Sebelum coronavirus mulai berlaku, para ekonom sektor swasta memperkirakan pertumbuhan 1% hingga 1.5% untuk tahun 2020, tetapi ini sekarang tidak mungkin dicapai dan Singapura bahkan mungkin akan memasuki resesi tahun ini.

“Ekspor Singapura ke Tiongkok menyumbang 13% dari total ekspor dan 10% dari PDB. Negara kota ini juga menampung $ 50 miliar stok FDI China, 3.6 juta pengunjung Tiongkok per tahun, dan ribuan siswa dari China, ”komentar Wu.

“Jadi Singapura sangat rentan terhadap penurunan tajam di Tiongkok. Pemerintah telah menerapkan larangan kedatangan pengunjung (terlepas dari kewarganegaraan) dari Cina, dan meningkatkan kondisi sistem respons wabah penyakit menjadi oranye - tepat di bawah level tertinggi merah. "

Berdesir

Euromoney sedang dalam proses memulai survei kuartalan terbaru di antara semesta penuh lebih dari 300 ekonom dan pakar risiko lainnya di seluruh dunia. Ini harus memberi kesan tentang bagaimana coronavirus menambah friksi perdagangan global dan risiko ekonomi dan geopolitik lainnya yang memengaruhi risiko investor selama beberapa bulan mendatang.

Beberapa kontributor survei telah mengindikasikan bagaimana pengaruh posisi dominan China dalam rantai pasokan global, perdagangan dan pariwisata akan mempengaruhi negara-negara lain mengingat gangguan pada produksi.

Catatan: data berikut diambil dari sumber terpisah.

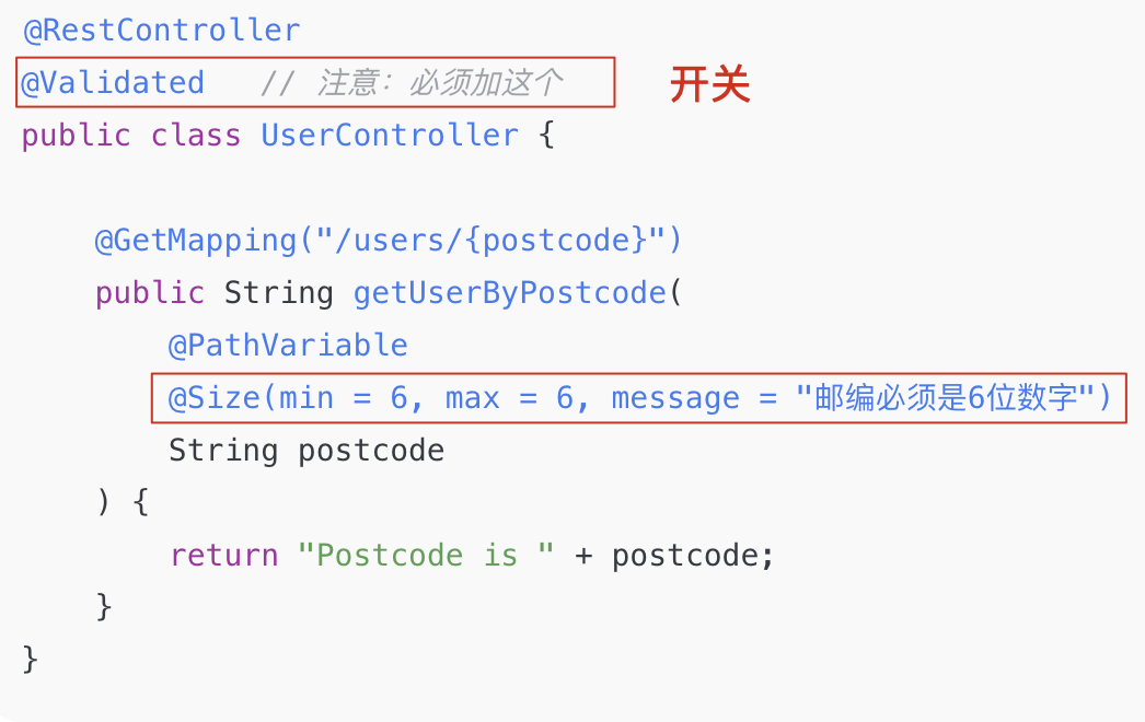 @Validated // 启用方法级与参数级校验(如 PathVariable/RequestParam)

Survei triwulan pertama 2020 adalah waktu yang tepat untuk membuat penilaian lain terhadap krisis, karena akan berakhir menjelang akhir Maret, yang memungkinkan analis lebih banyak waktu untuk melihat bagaimana dampaknya berkembang.

Kontributor survei Matthieu Pautonnier, kepala bagian produksi dan ekonom kuantitatif senior di TAC Economics, percaya bahwa Korea Selatan, Jepang, Thailand, Indonesia, Malaysia, dan India akan terkena dampak paling parah di Asia, dengan AS dan Jerman juga sensitif “karena mereka beroperasi sebagai hub global yang saling terhubung dengan hub rantai nilai Tiongkok ”.

Dia melihat tekanan pada harga komoditas karena China adalah pembeli terbesar dari banyak orang, meskipun efek harga minyak akan dipengaruhi oleh premium risiko politik Timur Tengah.

Untuk aset keuangan, wabah koronavirus berarti peningkatan volatilitas nilai tukar (terutama terhadap yuan dan mata uang negara berkembang lainnya), penurunan pasar ekuitas dan hasil obligasi "safe haven" yang lebih rendah.